The average life expectancy in the United States these days is nearly 79 years. As animal species go, humans are pretty hearty, especially given all these fancy medicines we’ve developed. But we’re not the only ones who hope to live past 80 (or 90). Other birds and mammals and fish and microbes manage to live longer. Some a lot longer.

1. Giant tortoises

The Aldabra tortoise, found on a tiny atoll north of Madagascar, can easily live past 100 years, and it’s thought that the oldest in captivity died at age 250 (that’s the upper limit; other records point to an age of at least 150). Who knows how long the Aldabra might live, though. Accurate records of the species’ age haven’t been kept, partly because the tortoises being studied have outlived the scientists researching them.

2. The immortal jellyfish

Scientists discovered Turritopsis dohrnii back in 1883, but it wasn’t until more than a century had passed that they discovered it was technically capable of living forever. That’s right: When faced with stressors like starvation or injury, the jellyfish reverts to its youngest form. Its cells transform into other cells, and it transforms into a cyst. That blob then produces a bunch of baby jellyfish, or polyps, all of which are genetically identical to the original. This method of self-preservation has actually turned it into an annoying invasive species.

3. Ocean quahog

These large clams found in the North Atlantic look unremarkable. More people have probably tasted them than seen them, given that they’re a frequent chowder ingredient. But when their rings are analyzed, it becomes clear that quahogs are some of the longest-lived ocean dwellers. In fact, a clam nicknamed Ming harvested in 2006 turned out to be 507 years old. And given that Ming turned up in a random sample of 200 clams, its likely that many others are at least as old, if not older. And you may have eaten them.

4. Tuatara

Move aside, coelacanth.
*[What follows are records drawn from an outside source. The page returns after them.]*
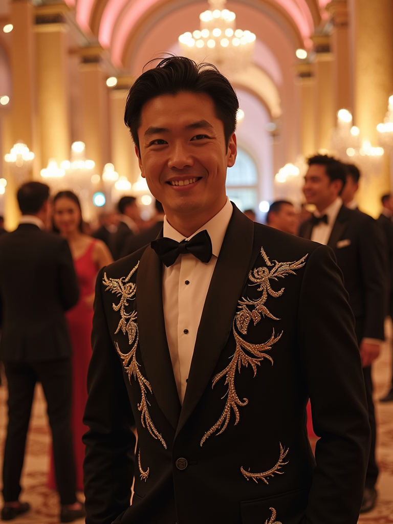 model mingling with A-list celebrities inside the Met Gala main hall, wearing a sophisticated suit with artistic embellishments, lavish Met Gala decorations and themed installations visible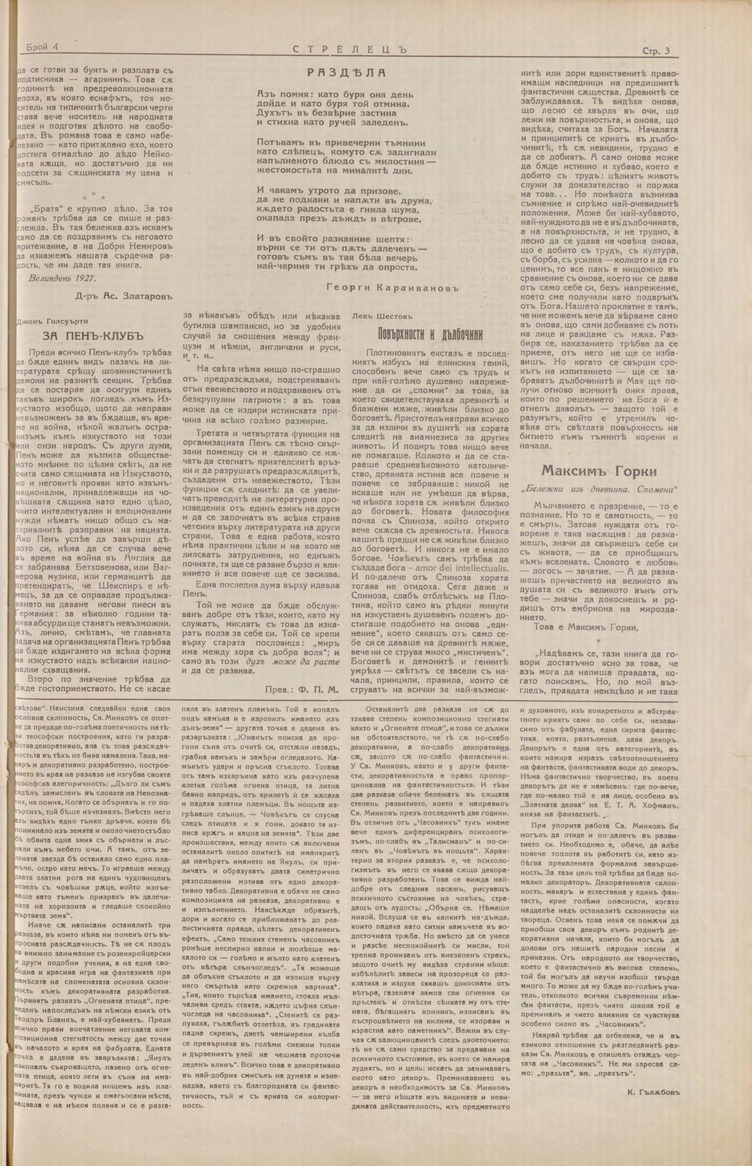 Бр. 4. Стрелец : Седмичник за литературен, художествен и културен живот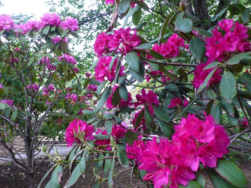 半日陰を好むシャクナゲ、大木も落葉高木に守られ元気に咲いてくれています♪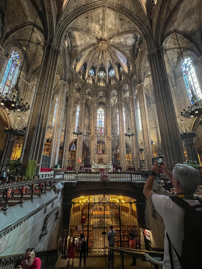Ah… finally, we visited the Barcelona Cathedral. We visited a lot of cathedrals in Spain. They are all beautiful, each having their own special thing. Barcelona Cathedral was neat because we could go up on the roof without a tour. Here’s a grand view inside…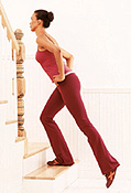 ยีนบนบันไดขั้นต่ำสุด หรือบนลังที่มั่นคง ยืดขาข้างหนึ่งไปด้านหลังใช้ปลายนิ้วเท้าแตะพื้น 5 ครั้ง แล้วทำสลับข้าง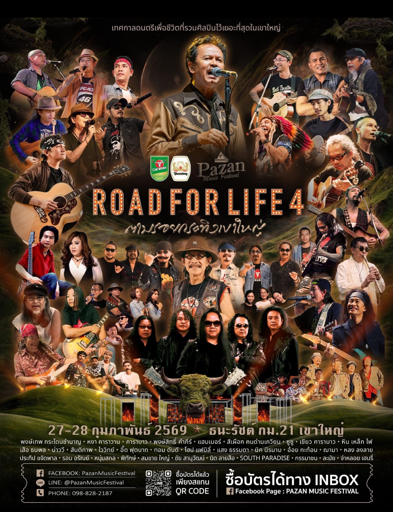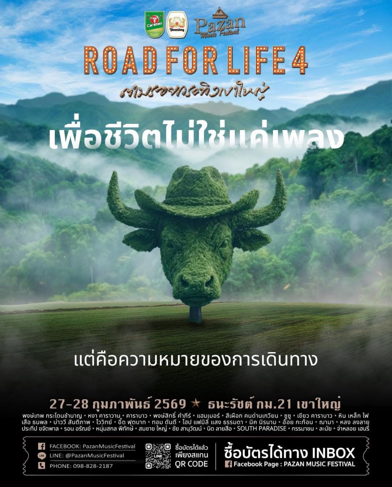เตรียมพบกับปรากฏการณ์ดนตรีครั้งยิ่งใหญ่ที่สายแคมป์ปิ้งและคอเพลงเพื่อชีวิตห้ามพลาด! Pazan Music Festival ประกาศจัดงาน ROAD FOR LIFE 4 ตามรอยกระทิงเขาใหญ่? มหากาพย์คอนเสิร์ตเพื่อชีวิต 2 วัน 2 คืนเต็ม บนเวทีความยาวกว่า 50 เมตร! ท่ามกลางอ้อมกอดของขุนเขาพื้นที่กว่า 70 ไร่ ณ ธนะรัชต์ กม.21 เขาใหญ่ ในวันที่ 27?28 กุมภาพันธ์นี้!

The tuatara, a reptile found in New Zealand, is also known as a living fossil. Its closest relatives are extinct, and it has a vestigial third eye on the top of its head. (Skin grows over it, but the “eye” can still detect light and dark.) They’re slow-growing, not maturing until the ages of 13-20. They can stop breathing for up to an hour, and they’re not slowed down by cold. Given all of this, one of the least remarkable things about tuataras is that they can live up to a century in the wild.

5. Parrots

With parrots, we skirt the edges of the human lifespan. Macaws, for example, can live some 60 years in the wild. But some have sailed past the 100-year mark, most notably Charlie, who was reportedly owned by Winston Churchill. Taught to spew obscenities against Hitler and the Nazis, Charlie was a fixture at a British garden center for years. As with giant tortoises, it can be difficult to substantiate birth dates for centenarian parrots—and researchers have cast doubt on Charlie’s provenance—so the exact details are murky.

6. Bowhead whale

The bowhead whale is second only in size to the blue whale—but it’s apparently No. 1 among mammals in terms of sheer lifespan. Scientists have discovered at least three of the whales are 135 to 172 years old, with a fourth clocking in at 211 years old. They figured this out by studying the creatures’ eye lenses, and by finding ivory and stone harpoon points buried in other whales. Those tips haven’t been used since the 1880s. These discoveries doubled the known lifespan for the creatures.

7. Koi

This beautiful, domesticated carp variety lives an average of 50 years. But depending on the quality of their care and genetic variables, koi have been known to live for more than a century. Hanako, a fish that died in 1977, was believed to be 226 years old. Scientists measured her age by examining the microscopic rings on her scales.

8. Flamingo

You’ll likely outlive most flamingos, but not all of them. In captivity, they usually live some 40 years, about 10 years longer than they survive in the wild. But Greater, a flamingo at the Adelaide Zoo in Australia, made it to age 83.The animal’s gender wasn’t known, but Greater managed to survive both World War II and a late-in-life attack from younger flamingos at the zoo. Sadly, complications from age led to the bird's demise.

9. Bacteria

Deep, deep in the ocean you can find some of the longest-lived creatures ever. These viruses, bacteria, and assorted fungi have such slow metabolisms that scientists hesitate to even call them "alive" in the conventional sense of the word (the term "zombie" came up). And yet some have likely existed for millions of years, only reproducing every 10 millennia.

All images courtesy of Thinkstock.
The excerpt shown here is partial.